1The John Bulkley arrived at Wilmington, Delaware, on 23 Jan. 1806 (Philadelphia Aurora General Advertiser, 24 Jan. 1806).

2Encoded “ask”; decoded “at.”

3“Moderate” was omitted in the encoding and supplied at the State Department.

4Encoded “massure”; decoded “measure.”

5In his 1 Nov. 1805 letter to Jefferson, DLC: Jefferson Papers, Monroe included several copies of James Stephen’s War in Disguise and suggested, as one possible response to the renewed seizure of American ships, that “it would be proper for the congress to act on it, and declare its sense of the law of nations, taking perhaps the ground of the Russian treaty & pledging the representative body that is both branches, to support the Executive in the maintenance of those rights. As an indemnity to those who may have suffered by a violation of them, it may be advisable to impose a discriminatory duty on British manufactures of 15. or 25. pr. Cent.”

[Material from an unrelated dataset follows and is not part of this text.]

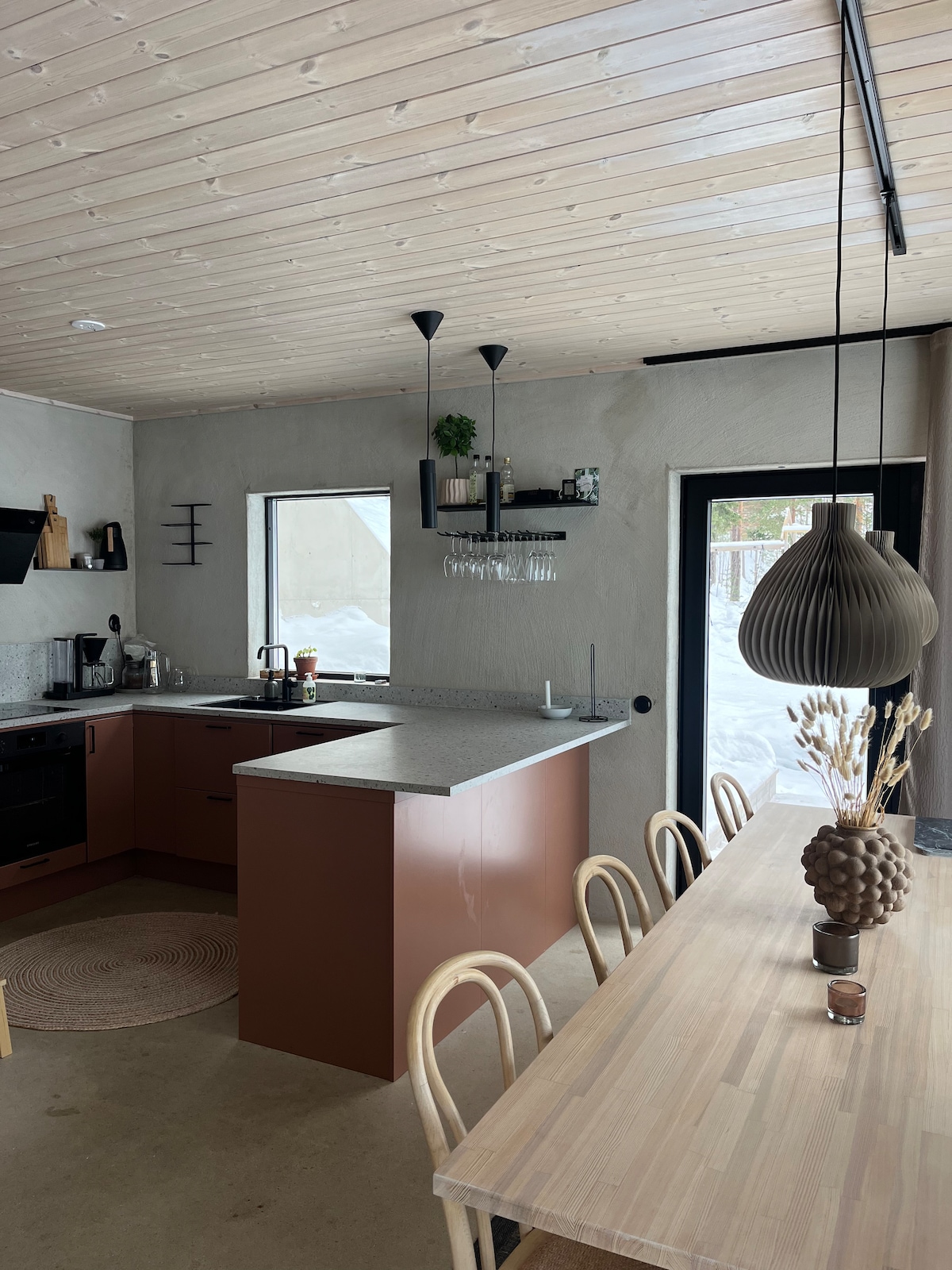 Bersantai! Biarkan anak-anak anda mandi di tasik semasa anda berjemur di teres. Anda boleh memanggang sesuatu yang lazat di teres, pergi memancing di tasik dengan bot atau mengambil kereta salji selepas menyelesaikan mesyuarat video yang berjaya dengan pelanggan anda. Hanya imaginasi anda menetapkan had untuk aktiviti luar anda. Kerja dalam talian atau percutian anda, matahari terbenam yang tidak berkesudahan atau malam yang tenang di hadapan dapur kayu akan menjadikan penginapan anda tidak dapat dilupakan.
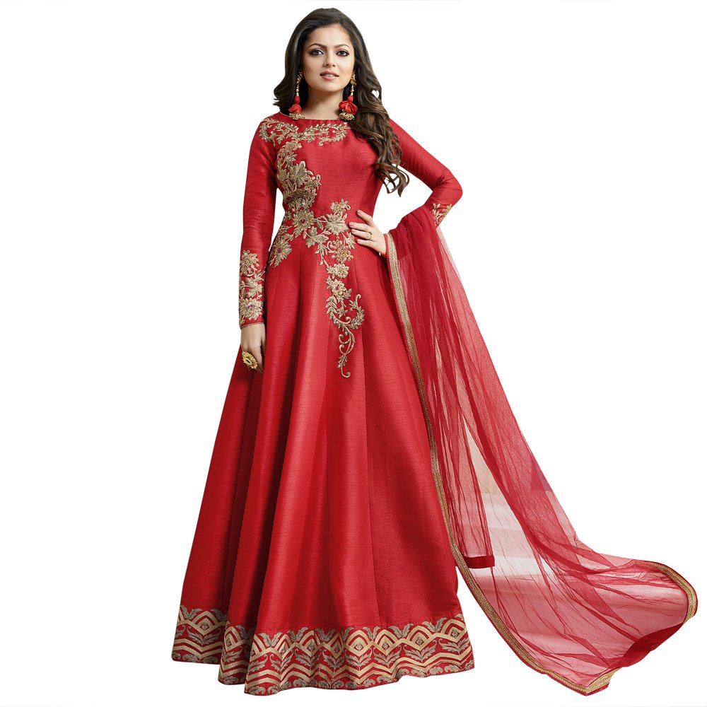 Dark Red Gown Dress Wedding Wear Designer Floor Length Anarkali

6Encoded “suitble”; decoded “suitable.”

7Encoded “ntport”; decoded “support.”

8In October 1805 the British government sent Dudley Ryder, Baron Harrowby, to Berlin to offer Frederick William III a £2,500,000 subsidy for his troops and the acquisition of more territory if he would join the coalition against France. The revelation that Prussia had signed a treaty with Russia guaranteeing acquisition of Hanover to the former, and the news of the defeat of Russia and Austria by the French at Austerlitz, ended the negotiations. On 15 Dec. 1805 Prussia signed a treaty with Napoleon that ceded Hanover to Prussia (J. Holland Rose, William Pitt and the Great War [London, 1911], 536–45, 553; Hague, William Pitt the Younger, 562, 564).